JavaScript Object Notation (aka JSON) is a very popular lightweight data-interchange format. Jodd JSON is a lightweight library for (de)serializing Java objects into and from JSON.

Before you say: "Yet another one?", please check what makes Jodd JSON unique. The power of the library is its control over the process of serialization and parsing; ease of use and great performances.

Quick Start

Let's see how to serialize:

Book book = new Book();
book.setName("Jodd in Action);
book.setYear(2018);
book.setAuthors(List.of(new Author("Igor")));

String json = JsonSerializer.create()
        .include("authors")
        .serialize(book);

The resulting JSON may look like this:

{
    "name" : "Jodd In Action",
    "year" : 2018,
    "authors" : [
        { "firstName" : "Igor" }
    ]
}

Parse the JSON back to Java:

Book book2 = new JsonParser()
        .parse(json, Book.class);

Pretty simple, right? But don't get blinded by the simplicity, Jodd JSON is pretty powerful.
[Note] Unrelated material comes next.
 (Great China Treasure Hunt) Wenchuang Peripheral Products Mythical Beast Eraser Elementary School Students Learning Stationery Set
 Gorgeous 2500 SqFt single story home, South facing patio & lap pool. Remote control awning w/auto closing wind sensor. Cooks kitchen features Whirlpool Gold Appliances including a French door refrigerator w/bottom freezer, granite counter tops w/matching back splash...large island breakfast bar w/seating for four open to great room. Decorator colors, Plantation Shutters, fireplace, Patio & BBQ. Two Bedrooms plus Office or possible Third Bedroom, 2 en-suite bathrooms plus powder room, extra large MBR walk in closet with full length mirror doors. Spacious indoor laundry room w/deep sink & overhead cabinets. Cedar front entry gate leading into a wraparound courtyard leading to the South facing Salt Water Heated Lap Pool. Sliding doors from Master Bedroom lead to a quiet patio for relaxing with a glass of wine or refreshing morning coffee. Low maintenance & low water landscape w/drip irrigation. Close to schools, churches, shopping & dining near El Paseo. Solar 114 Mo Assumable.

Did I mention it is one of the fastest JSON frameworks out there?

Main features

• simple syntax and fluent interface,

• lazy parser that is super fast,

• annotations for better conversion control,

• convenient JSONObject and JSONArray classes,

• powerful exclusion and inclusion rules,

• serializer definition for types,

• the only library that can handle any number size,

• pretty formatting of the JSON output,

• loose, more forgiving, parsing mode,

• ways to address the keys and values of the Maps

• flexible fine-tuning,

• and more…

License

The code is released under the BSD-2-Clause license. It has a minimal set of dependencies with the same or similarly open license, so you should be able to use it in any project and for any purpose.
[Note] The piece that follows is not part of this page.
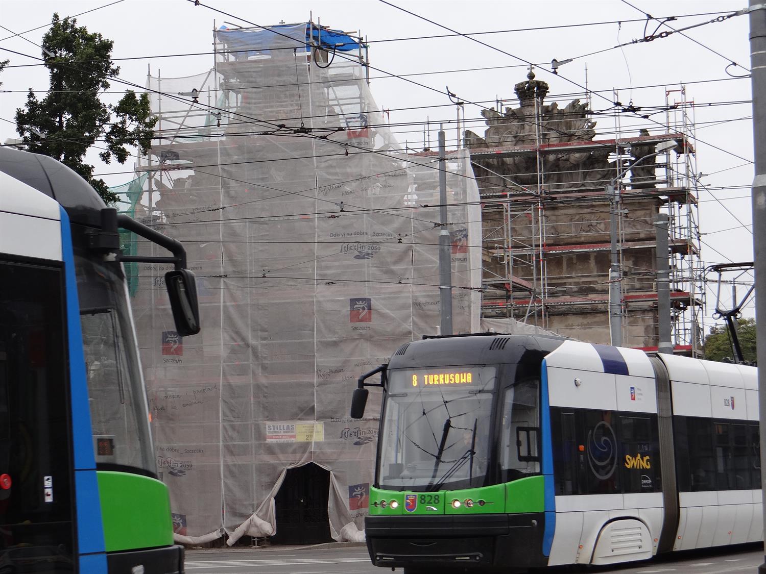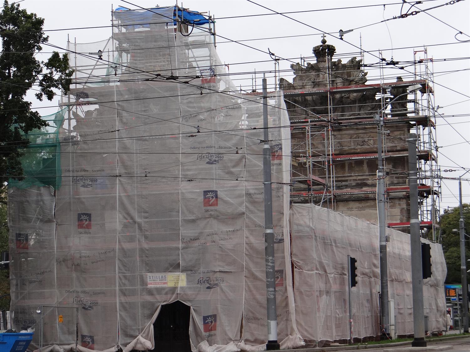 Wśród stalowych konstrukcji rusztowań i za plandekami wokół szczecińskiej Bramy Portowej, od kilku już tygodni krzątają się specjaliści od konserwacji i renowacji takich, jak ta budowli. Zabytek przechodzi właśnie długo wypatrywaną kurację.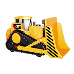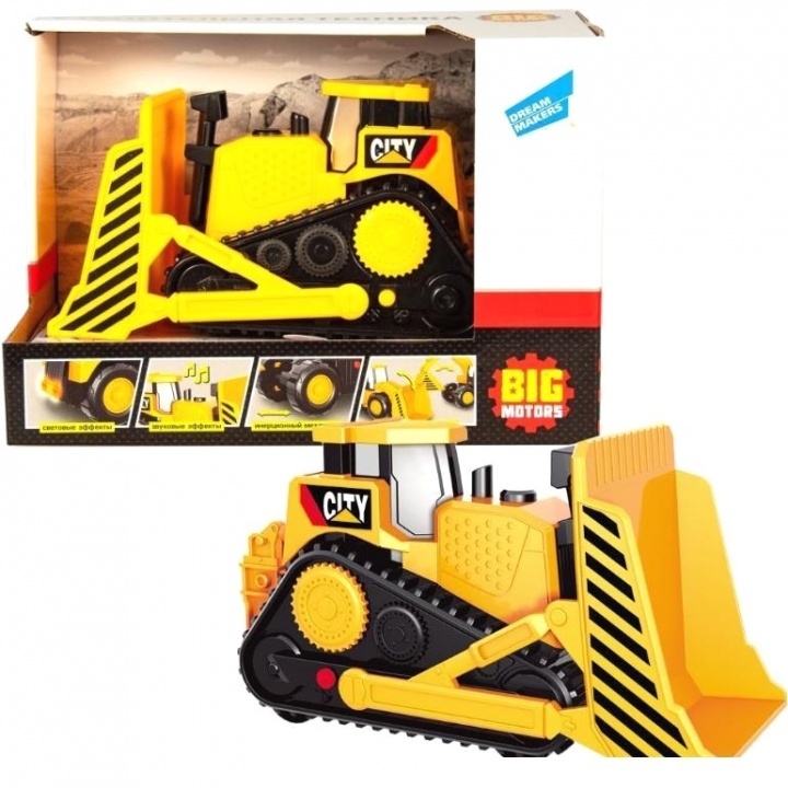Машинка яркого желто-оранжевого цвета с черными колесами и элементами на кузове имеет отличную детализацию и очень походит на реальную модель строительной машины. У машинки поднимается ковш. Кроме этого, машинка обладает световыми и звуковыми эффектами для большей реалистичности, а также обладает инерционным механизмом.

Jodd JSON is released on Maven Central. You can use the following snippets to add it to your project:

<dependency>
  <groupId>org.jodd</groupId>
  <artifactId>jodd-json</artifactId>
  <version>x.x.x</version>
</dependency>

implementation 'org.jodd:jodd-json:x.x.x'

<dependency org="org.jodd" name="jodd-json" rev="x.x.x" />

[org.jodd/jodd-json "x.x.x"]

'org.jodd:jodd-json:jar:x.x.x'

That is all!

Snapshots

Jodd JSON snapshots are published on Maven Central Snapshot repo.

Convert bean to map

Sometimes you may want to convert an object into a map, using the JsonSerializer exclude/include rules. This can be done with BeanSerializer, in few steps like this:

final Map<String, Object> map = new HashMap<String, Object>();

JsonContext jsonContext = new JsonSerializer().createJsonContext(null);

BeanSerializer beanSerializer = new BeanSerializer(jsonContext, bean) {
    @Override
    protected void onSerializableProperty(
            String propertyName, Class propertyType, Object value) {
        map.put(propertyName, value);
    }
};

beanSerializer.serialize();

BeanSerializer parse beans and match properties to all include/exclude rules. Resulting map will contain all included properties of a bean. Serializing this map or the bean should give exactly the same results!
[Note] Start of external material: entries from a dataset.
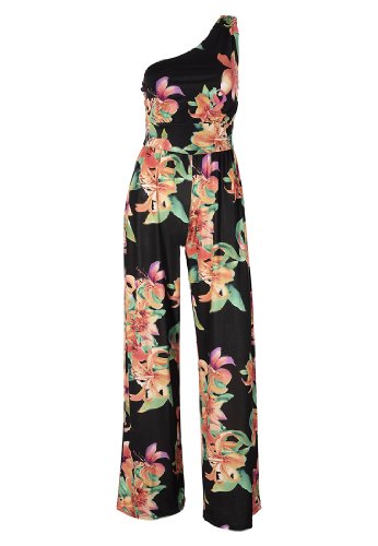 Combinaison pantalon en jersey à imprimé floral et aspect soyeux. Délicatement froncée sur l'épaule gauche et sous la taille. Ourlet élastiqué dans le haut du dos. Fermeture éclair sur le côté. Haut de la combinaison doublé. L'imprimé peut légèrement varier par rapport à la photo. Longueur côté sous la ceinture : env. 106 cm.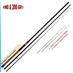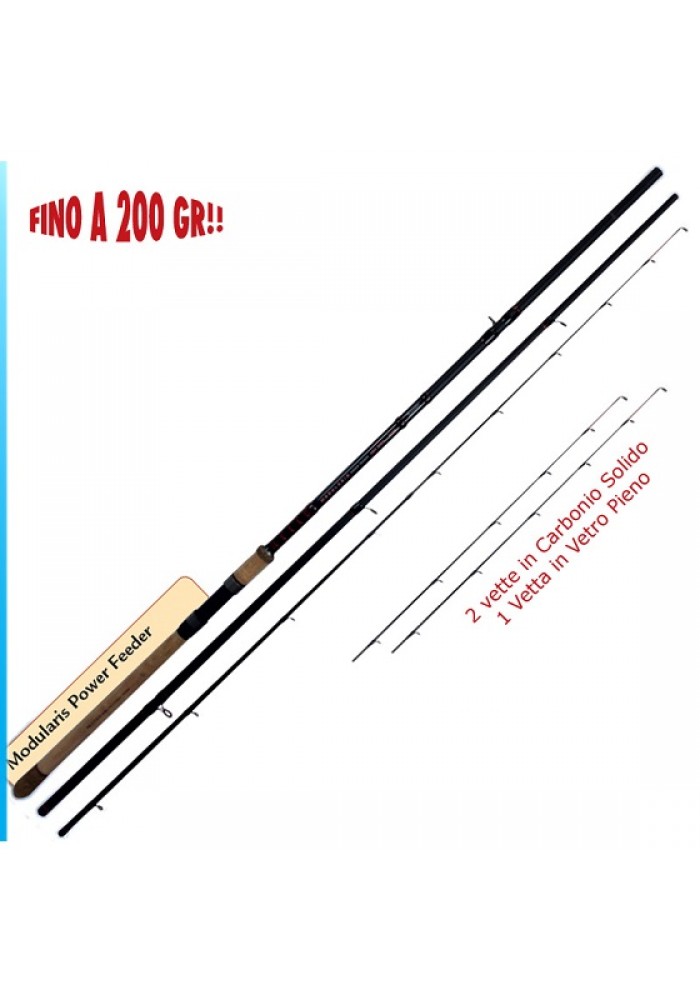 Serie di canne "allround" pronte e potenti, consigliabili per la pesca in fiumi o canali con correnti medio forti. La canna è costruita in High Modulus Special for Competitions quindi dotata di un ottima potenza. L'azione è progressiva e viene ben distribuita sul fusto mantenendo sempre una buona riserva di potenza anche nel mare. Nelle grammature più alte possono sostenere correttamente feeder da 150 gr, ideali per cercare barbi di taglia o grosse carpe, ma è altrettanto valida se usata in grammature inferiori per la cattura di mormore ed orate in mare. L'allestimento è ben curato: anelli black diamond, portamulinello a vite con sezione di sughero naturale e anelli a doppio ponte. In dotazione due vettini uno in powerglass e uno in solid carbon.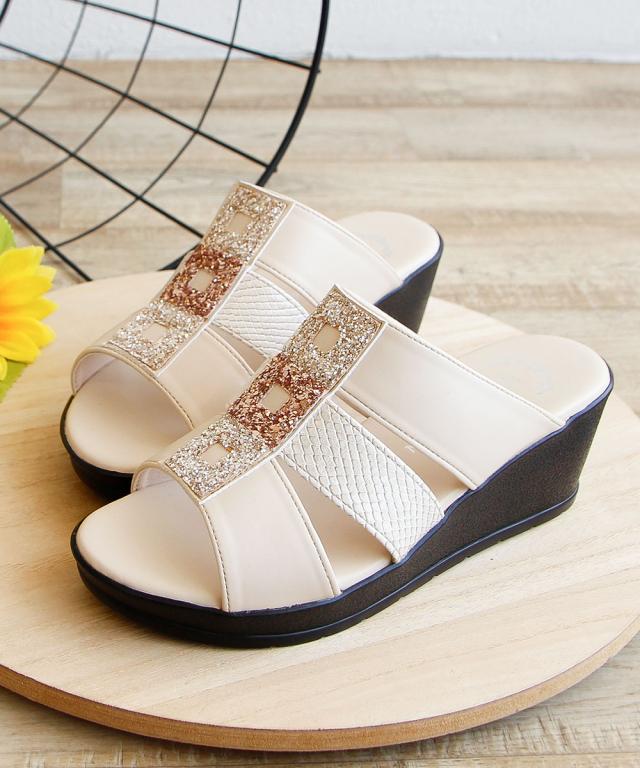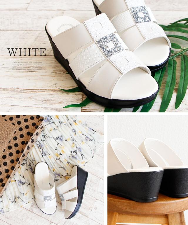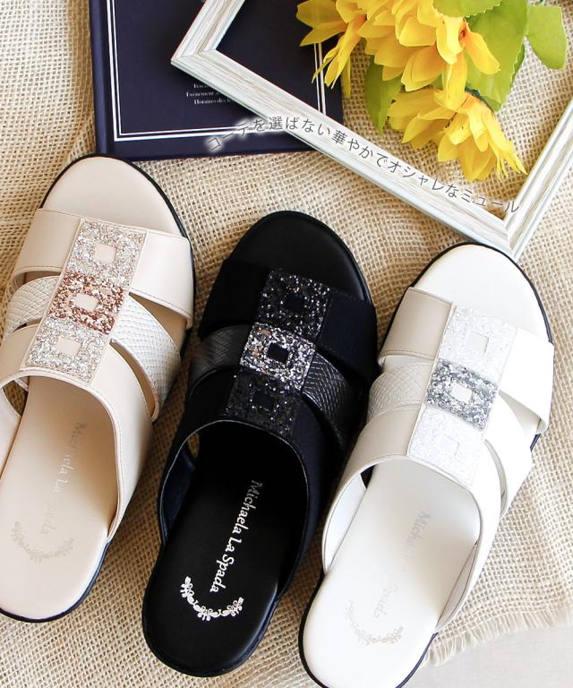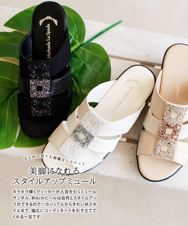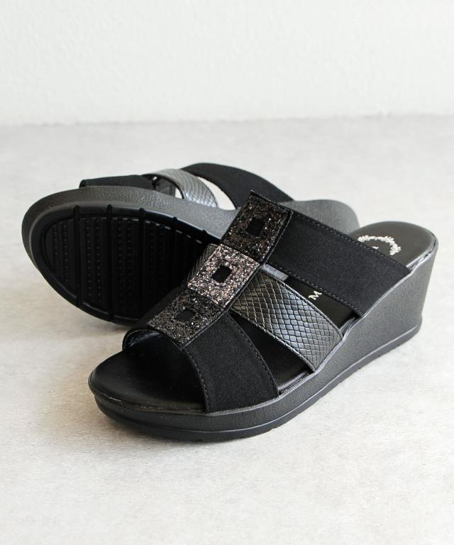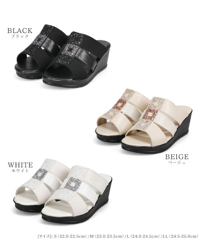 サンダル レディース ミュール サンダル ウェッジソール つっかけ 6cm 美脚 ヒール 履きやすい 歩きやすい 軽量 軽い ウエッジソール 婦人 カジュアル モード きれいめ 春夏 黒 ブラック キラキラ ラインストーン 2004

This may be handy if you have some further filtering options on some bean.

Use JsonWriter

JsonWriter is a simple class that writes JSON to the output. You can use it to construct JSON directly, without serialization:

StringBuilder sb = new StringBuilder();
JsonWriter jsonWriter = new JsonWriter(sb);

jsonWriter.writeOpenObject();
jsonWriter.writeName("one");
jsonWriter.writeNumber(Long.valueOf(123));
jsonWriter.writeComma();
jsonWriter.writeName("two");
jsonWriter.writeString("UberLight");
jsonWriter.writeCloseObject();

This can be handy when e.g. you need to wrap your serialized JSON into another simple map. Instead of creating a new Map object you can simply use the writer with the JSON result to create the same thing, but faster.

Default object types of parsed JSON inputs are Map and List. While this can be enough, sometimes you want a more developer-friendly way to navigate the returned object, especially nested values - you keep casting all over the code. Jodd JSON comes with two nice classes: JsonObject and JsonArray that can be used instead of defaults. They are quite convenient to work with JSON structure.

Here is an example of the usage:

Serialization

Both JsonObject and JsonArray may be used for serialization, too. You can use them to construct the JSON structure and then serialize it as usual.

Binary values

JsonObject is able to read and write binaries i.e. byte[]. Of course, JSON format does not support the binary types, hence the input array is encoded to Base64. Similarly,the Base64 field can be read as binary and convert into the byte[].

Jodd JSON serialization and parsing can be configured globally using the static fields.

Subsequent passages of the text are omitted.